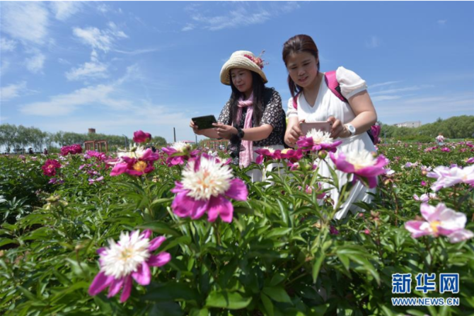 参观者在黑龙江农业经济职业学院校园内欣赏和拍摄芍药(6月19日摄)。 新华社发张春祥/摄
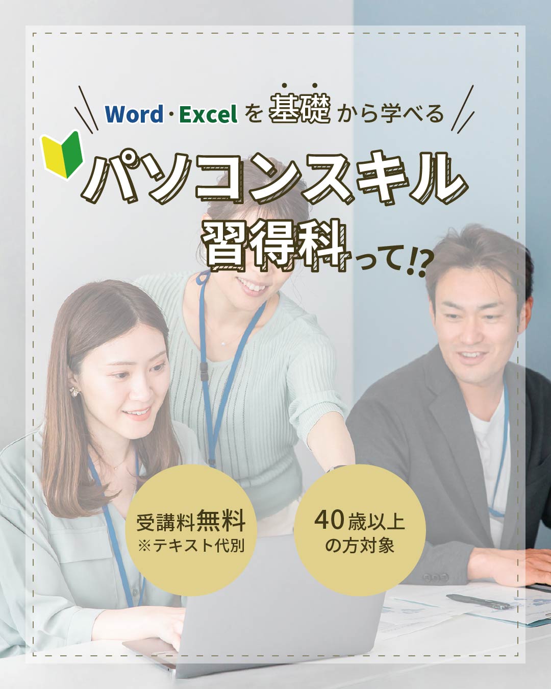 | ターゲット | パソコン操作に苦手意識がある初心者。再就職・スキル習得を目指す40歳以上の方。SNSで流し見をしながら情報を得る層。 |
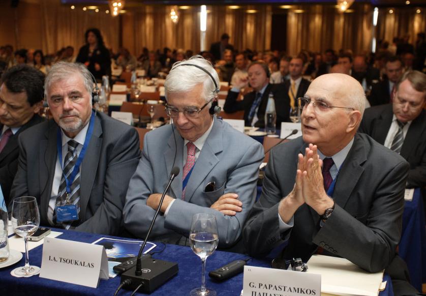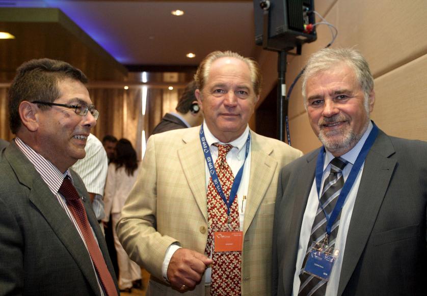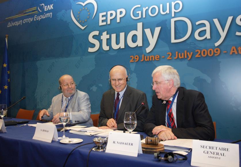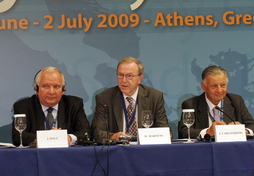 l-r: Joseph Daul MEP (France), Chairman of the EPP Group in the European Parliament, Wilfried Martens, President of the European People's Party, and Ioannis Varvitsiotis MEP, outgoing Head of the Greek Delegation of the EPP Group

**ASSIGNMENT**
Every line of the material above must be written out exactly, with no pictures.

**RESPONSE BELOW**
 参观者在黑龙江农业经济职业学院校园内欣赏和拍摄芍药(6月19日摄)。 新华社发张春祥/摄
 | ターゲット | パソコン操作に苦手意識がある初心者。再就職・スキル習得を目指す40歳以上の方。SNSで流し見をしながら情報を得る層。 |
 l-r: Joseph Daul MEP (France), Chairman of the EPP Group in the European Parliament, Wilfried Martens, President of the European People's Party, and Ioannis Varvitsiotis MEP, outgoing Head of the Greek Delegation of the EPP Group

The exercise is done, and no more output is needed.